Мне казалось, что мы снова стали детьми и исследуем чей-то заброшенный дом. Я готова была обежать его кругом, чтобы забраться с черного входа, но Джереми взял свой кейс с заднего сиденья и уверенной походкой направился к парадной двери. В руках у него был ключ. Только тут я поняла, что приятель моего детства на самом деле новый владелец виллы. Он почтительно вытер ноги о коврик у двери и только затем вошел. Наверное, Джереми это заслужил, решила я. Это достойная награда за то, что он защищает интересы семьи столько лет.
– Заходи, смотри, – сказал он мне, забавляясь. Я вошла следом за ним. – Осторожнее, электричество не включено, – предупредил он, и мы вошли во тьму дома.
Неожиданно у Джереми из руки вырвался луч света.
– Ты захватил лампу! – воскликнула я, с уважением глядя на гладкий, компактный прибор в его руках.
– Фонарик, – поправил он. – Ты никогда не научишься говорить на нормальном английском?
Свет фонарика выхватил из тьмы маленький круглый холл, от которого по бокам вверх шли две лестницы. Из приоткрытой двери гостиной, что располагалась прямо между лестницами, лился свет. Туда нас потянуло в первую очередь. Джереми вошел первым, но не успели мы сделать и нескольких шагов, как остановились.

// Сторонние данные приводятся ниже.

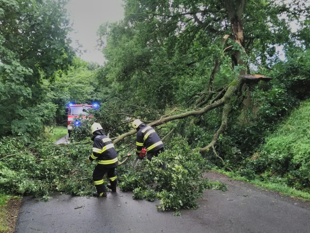 Ve 34 případech odstraňovali hasiči popadané stromy, které blokovaly nejčastěji komunikace, chodníky nebo cyklostezky. Ve Vidochově hrozil strom pádem na rodinný dům, v Kvasinách spadl na obytný přívěs. Mimo to ale také jednotky odstraňovaly převrácený velký stan ve Dvoře Králové nad Labem nebo hasily doutnající strom zapálený bleskem v Černém Dole na Vrchlabsku. Naštěstí se všechny události obešly bez zranění.

Все выглядело так, словно комната была набита призраками и они нас ждали. Но только потом я поняла, что это мебель, бережно укрытая белыми чехлами, защищающими от пыли. Под потолком, должно быть, висела люстра, потому что там было белое облако. Джереми стал подходить и сдергивать чехлы один за другим, чтобы увидеть здесь диван, там стол. Я почти сразу опознавала вещи, мой глаз был наметан в бесконечных антикварных магазинах, и я заносила их на лист бумаги.
– Это русские напольные часы, начало двадцатого века. Этот сундук из красного дерева с ящиками итальянский, конца девятнадцатого века. Диван времен французской империи. А за такой секретер можно и жизнь отдать. Русский, возможно, шведский. Да, Ролло упакован что надо.
– Приятно работать с таким профессионалом, как ты. Все становится проще, – расщедрился на комплименты Джереми.
Он сказал, что передаст мои записи своей ассистентке, Северин, которая будет делать окончательное заключение по французскому завещанию.
– Пусть Ролло забирает эту мебель, – бросил он. – Она слишком громоздкая и угнетающая. Если бы мне пришлось смотреть на все эти вещи с утра до вечера, я бы сошел с ума.
– А сам ты что предпочитаешь? Функционализм? – поддразнила я.
– Функционализм в самый раз, – сказал Джереми.
Я указала на восьмигранные дверные ручки и камин, обложенный голубым кафелем.
– Это тебе тоже должно понравиться, – сказала я и сдернула чехол с обольстительно черного фортепьяно. Я заметила его по выставляющимся педалям.
Джереми нажал на несколько клавиш, наигрывая мелодию песни «Вечер после трудного дня», но она прозвучала ужасно, фортепьяно было расстроено.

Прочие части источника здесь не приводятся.